Viktor Aleksandrovich Moskvin (Виктор Александрович Москвин; born 5 January 1955) is a Soviet and Russian historian, cultural figure and publisher. He holds the title Honored Worker of Culture of the Russian Federation (2006) and laureates of the State Prize of the Russian Federation.

==Biography==
From 1973 to 1975, Moskvin was a researcher at the Ostankino Palace Museum. In 1978 he graduated from the history department of Kalinin State University. From 1979 to 1982 Moskvin worked at the Memorial Museum of Cosmonautics in Moscow; and from 1982 to 1992 he worked in the Margarita Rudomino All-Russia State Library for Foreign Literature, where he worked his way up from junior researcher to deputy general director.

In 1990, Moskvin initiated and organized the first exhibition in Russia of the Parisian Russian-language publishing house YMCA Press at Rudomino Library. This exhibition marked the beginning of the return to the homeland of the historical and literary heritage of the White émigré.

At Moskvin's suggestion, the publishing house Russian Way (general director) was created in 1991, and in 1995, with the support and participation of A. I. and N. D. Solzhenitsyn, N. A. Struve, and Moscow city authorities - Public library-fund “Russian Abroad” (now the state budgetary cultural institution “House of Russian Abroad named after Alexander Solzhenitsyn”).

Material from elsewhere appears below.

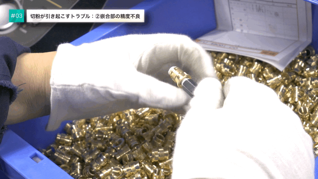 実は切粉の多くは、圧入前の輸送や供給時にすでに発生しています。
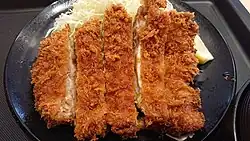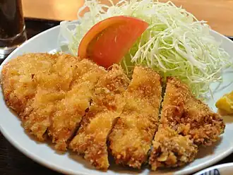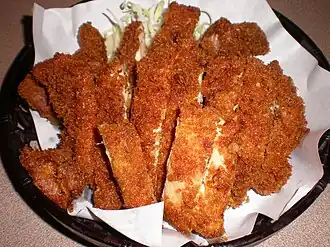 Chicken katsu (Japanese: チキンカツ, Hepburn: chikinkatsu), also known as panko chicken or tori katsu (鶏カツ) is a Japanese dish of fried chicken made with panko bread crumbs. It is related to tonkatsu, fried pork cutlets. The dish has spread internationally and has become a common dish served at Japanese and East Asian restaurants worldwide.[1][2]

Candidate of Historical Sciences (dissertation topic “Censorship and distribution of foreign publications in Moscow (second half of the 19th - beginning of the 20th century)”.)

Moskvin is the author of a large number of scientific articles in Russian and foreign periodicals on the topic “Russian Abroad”.

Moskvin is a member of the jury of the Solzhenitsyn Prize (since 2009), a member of the council of the Moscow regional branch of the Imperial Orthodox Palestine Society, a member of the Book Publishing Council under the Government of Moscow, deputy chairman of the public council under the prefect of the Central Administrative Okrug of Moscow, a member of the Government Commission for the Affairs of Compatriots for abroad, member of the council of the Russian Historical Society, member of the public council of Rossotrudnichestvo, member of the supervisory board of the Moscow House of Compatriots, member of the Academic Council of the All-Russian Historical and Ethnographic Museum, member of the board of trustees of the Margarita Rudomino All-Russia State Library for Foreign Literature and member of the board of trustees of Tver State University.

Moskvin is on the list of Putin's confidants (No. 306, since February 7, 2012).